Star Wars: Episodes I-VI - The greatest postmodern art film ever |

An interesting view on the entire series, now that we're able to sit and watch the six episodes back to back.

"As literary critics have long pointed out, the arbitrary yoking together of events in the service of storytelling is one of the fundamental characteristics of all narrative. R2-D2 needs to hook up with Luke on Tatooine, just as Prospero's enemies need to wash up on the shores of his island, and Elizabeth Bennet needs to marry Mr. Darcy, for the narrative requirements of those stories to be fulfilled. The audience's willing surrender to narrative coincidence is demanded by the story's need to conclude itself.

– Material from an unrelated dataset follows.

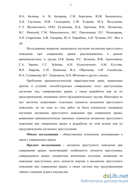Предмет исследования - механизм преступного поведения при совершении кражи, включающий: особенности личности преступника, совершающего кражу; конкретные жизненные ситуации, влияющие на поведение преступника; роль личности жертвы в механизме преступного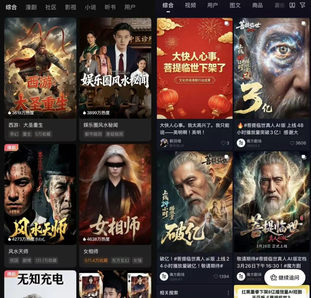 3月31日上线的《菩提临世真人AI版》,在清明假期期间迅速跃升为红果平台最具话题度的AI短剧。上线首日追剧人数达到181万,热度值8923万,48小时播放量突破3亿,迅速登上平台热播榜第一位。这部作品也成为了首部冲至红果热度TOP1的AI短剧,具有明显的阶段性意义。

But Lucas takes this self-consciousness about narrative artifice a step further: He makes explicit his theoretical interest in the mechanics of plot. As viewers, we take pleasure in the implausible events that must happen for the narrative contraption to snap shut in a satisfying way. But the characters come to understand that there is another agent, external to themselves, that is dictating the action. Within the films' fiction, that force is called … er, "the Force." It's the Force that makes Anakin win the pod race so that he can get off Tatooine and become a Jedi and set all the other events in all of the other films in motion. We learn that Anakin's birth, fall, redemption, and death are required to "bring balance to the Force" and, not coincidentally, to give the story its dramatic shape. The Force is, in other words, a metaphor for, or figuration of, the demands of narrative. The Force is the power of plot."